One indication of the effects on the health care industry is the performance of health care stocks. These would suggest a net gain to the industry, presumably because more people will pay. In January 2008 the Ishares New York Stock Exchange Index fund closed at $86.35 and on December 28, 2009 it closed at $65.83, a decline of 23.8%. In contrast, the Ishares Health Index fell about 8% during the same period. Part of this much smaller decline may be due to population dynamics, but part may be due to the evolving characteristics of health reform, which seem to increasingly aim at shifting costs onto the uncovered poor.

Thus, we see a health reform movement that claims to help the uncovered and instead transfers wealth from the uncovered to the more affluent people in private plans and the health care industry.


>Dec. 31 (Bloomberg) -- The Mayo Clinic, praised by President Barack Obama as a national model for efficient health care, will stop accepting Medicare patients as of tomorrow at one of its primary-care clinics in Arizona, saying the U.S. government pays too little.

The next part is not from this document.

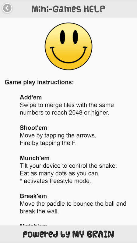 "Mini Games" a.k.a. "What happened to my time?" keep'em busy and play Match'em, Munch'em, Break'em and Add'em!

More than 3,000 patients eligible for Medicare, the government’s largest health-insurance program, will be forced to pay cash if they want to continue seeing their doctors at a Mayo family clinic in Glendale, northwest of Phoenix, said Michael Yardley, a Mayo spokesman. The decision, which Yardley called a two-year pilot project, won’t affect other Mayo facilities in Arizona, Florida and Minnesota.

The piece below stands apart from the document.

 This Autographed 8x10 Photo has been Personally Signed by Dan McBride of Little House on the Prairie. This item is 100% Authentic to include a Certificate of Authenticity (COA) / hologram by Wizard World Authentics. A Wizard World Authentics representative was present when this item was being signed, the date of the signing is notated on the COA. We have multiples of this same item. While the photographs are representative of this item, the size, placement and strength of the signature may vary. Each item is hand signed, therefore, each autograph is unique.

Obama in June cited the nonprofit Rochester, Minnesota-based Mayo Clinic and the Cleveland Clinic in Ohio for offering “the highest quality care at costs well below the national norm.” Mayo’s move to drop Medicare patients may be copied by family doctors, some of whom have stopped accepting new patients from the program, said Lori Heim, president of the American Academy of Family Physicians, in a telephone interview yesterday.

“Many physicians have said, ‘I simply cannot afford to keep taking care of Medicare patients,’” said Heim, a family doctor who practices in Laurinburg, North Carolina. “If you truly know your business costs and you are losing money, it doesn’t make sense to do more of it.”
Medicare Loss

The Mayo organization had 3,700 staff physicians and scientists and treated 526,000 patients in 2008. It lost $840 million last year on Medicare, the government’s health program for the disabled and those 65 and older, Mayo spokeswoman Lynn Closway said.

Mayo’s hospital and four clinics in Arizona, including the Glendale facility, lost $120 million on Medicare patients last year, Yardley said. The program’s payments cover about 50 percent of the cost of treating elderly primary-care patients at the Glendale clinic, he said.